Darrow Miller and Friends

Abortion Doesn’t Contribute to Women’s Health

Many years ago I was one of about 250 people picketing in front of a “women’s health clinic.” Why would we do such a thing? I think it would be safe to say that all of us supported women’s health. So why would we protest in front a women’s health clinic? Because it was a site where women were objectified and their babies killed. This was an abortion clinic! The people who ran it did not have the courage of their convictions to speak plainly about what took place inside. What they did to the mothers and their babies was horrendous. Their term—“women’s health clinic” was an empty euphemism.

As the English writer G.K. Chesterton said, “When man ceases to believe in God, he does not believe in nothing, he believes in anything.”

Euphemism reached an art form in Nazi Germany. Hitler actually believed the “high” Aryan superior to the “low” aboriginal. He decided to speed up evolution by the active use of eugenics. But he needed to disguise the horror with therapeutic language. The Nazis mingled torture and death camps with the language of human health.

Their vision and policies ultimately led to death camps as the means of purging the Jewish cancer from the Aryan race. But the genocide had its beginnings in subtler ways. Robert Jay Lifton, in his book, The Nazi Doctors: Medical Killing and the Psychology of Genocide, notes that at the beginning the authorization for the killing was “oral and secret and to be ‘kept in a very narrow scope, and cover only the most serious cases’ ….” As the evil continued, however,  the practice of genocide became “loose, extensive, and increasingly known.” (page 51)

So called “useless eaters”—handicapped children and adults with mental deficiencies—were starved to death in Hungerhausers (literally “houses of hunger”). Abortion was prohibited for the Nordic races, but coercive abortion and sterilization were the norm for people with mental deficiencies, anti-social behaviors, and “lower races.” Genocide—the murder of a large group of people—was justified in the name of healing. Hitler wanted to purify humanity by assuring the Aryan future and exterminating people deemed inferior.
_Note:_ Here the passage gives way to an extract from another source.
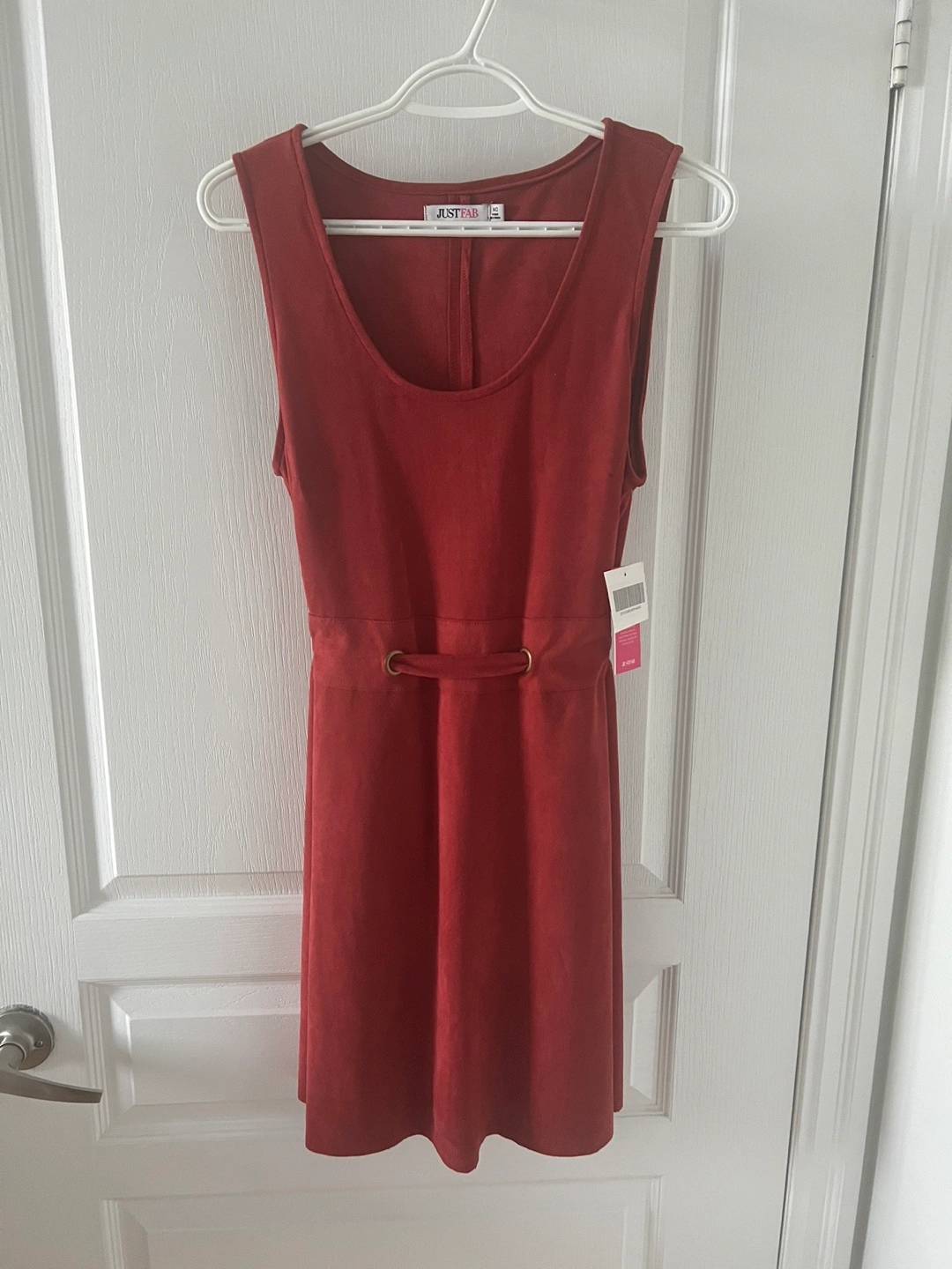 Here's a JustFab dress in a lovely rust colour! It's a size medium and features a sleeveless design. The dress has a tie at the back to cinch the waist. Perfect for a casual day out or dressed up for an evening! Never been worn. Tags still attached. Smoke and pet free home.

The Nazis, and much of the world, believed anything. With no moral absolutes, right and wrong were maliciously confused. Doctors tasked to save lives crossed a terrible threshold; the medical profession became human exterminators for the Reich.

Creative use of language was used to hide the insidious truth. Terms like “healing work,” “putting to sleep,” “special diet,” and “therapy” were euphemisms for murder. “Resettlement,” “deportation,” and “Final Solution to the Jewish Question” substituted for “genocide.” The Nazis, the German people, and the free world believed anything. In Germany it all began with the declarative lie, lebensunwerten Lebens, “Life Unworthy of Life.”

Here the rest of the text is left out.